**** Records for this exercise

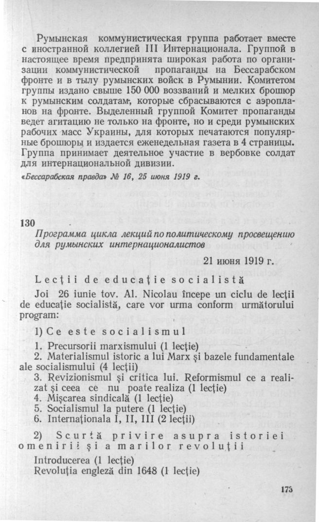 Сообщения о деятельности Комитета пропаганды Одесской румынской коммунистической группы. 18—25 июня 1919 г. Сообщение 3 // «Бессарабская правда» № 16, 25 июня 1919 г.
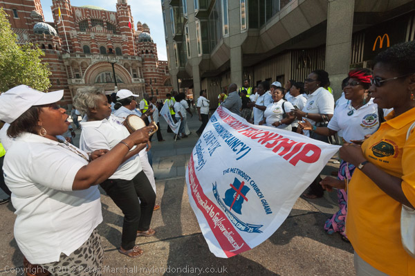 Celebrations of 10 years of the Ghanaian Methodist Fellowship UK and its 16 churches end in a thanksgiving service this weekend. The day before they went to Westminster Catholic Cathedral and then danced away towards Methodist Central Hall.
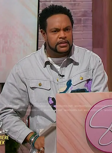 Jawn Murray on Sherri on FOX was spotted wearing this embroidered jacket and pants on Sherri on Sep 25 2024's episode. Jawn's Jacket is the Face Embroidered Denim Jacket by Kidsuper . Jawn's Pants is the Face-embroidered straight-leg jeans by Kidsuper.
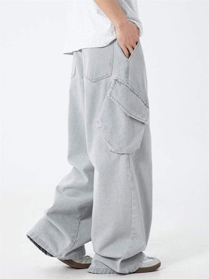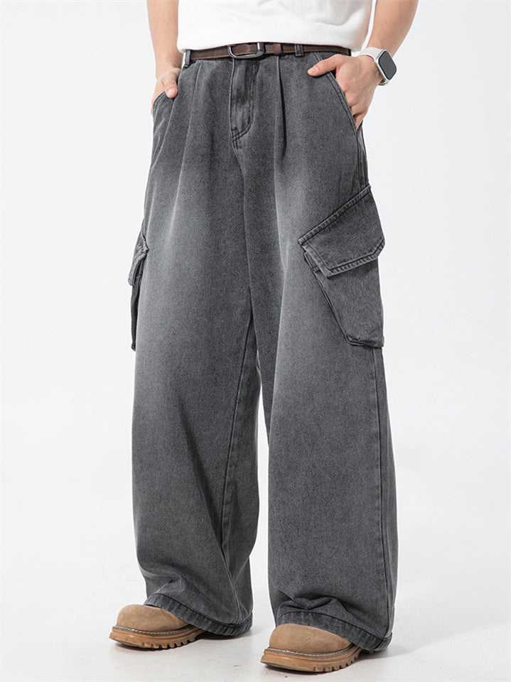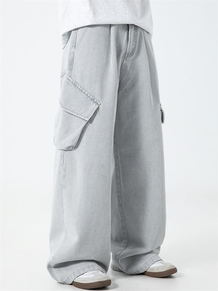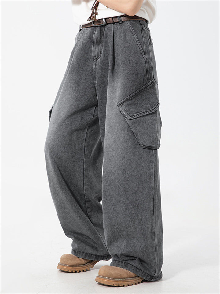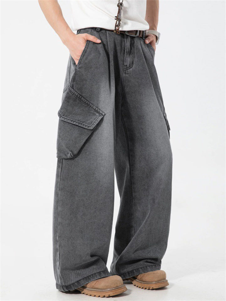 High Street Casual Patchwork Pockets Cargo Jeans for Men
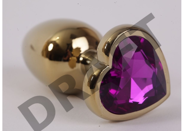 Золотистая анальная пробка с фиолетовым стразиком-сердечком - 8 см.

********

[What is needed]: Where the line containing "High Street Casual" appears in the entries above, start there and set down every line exactly through the last one, inclusive; omit pictures.

[Result]:
 High Street Casual Patchwork Pockets Cargo Jeans for Men
 Золотистая анальная пробка с фиолетовым стразиком-сердечком - 8 см.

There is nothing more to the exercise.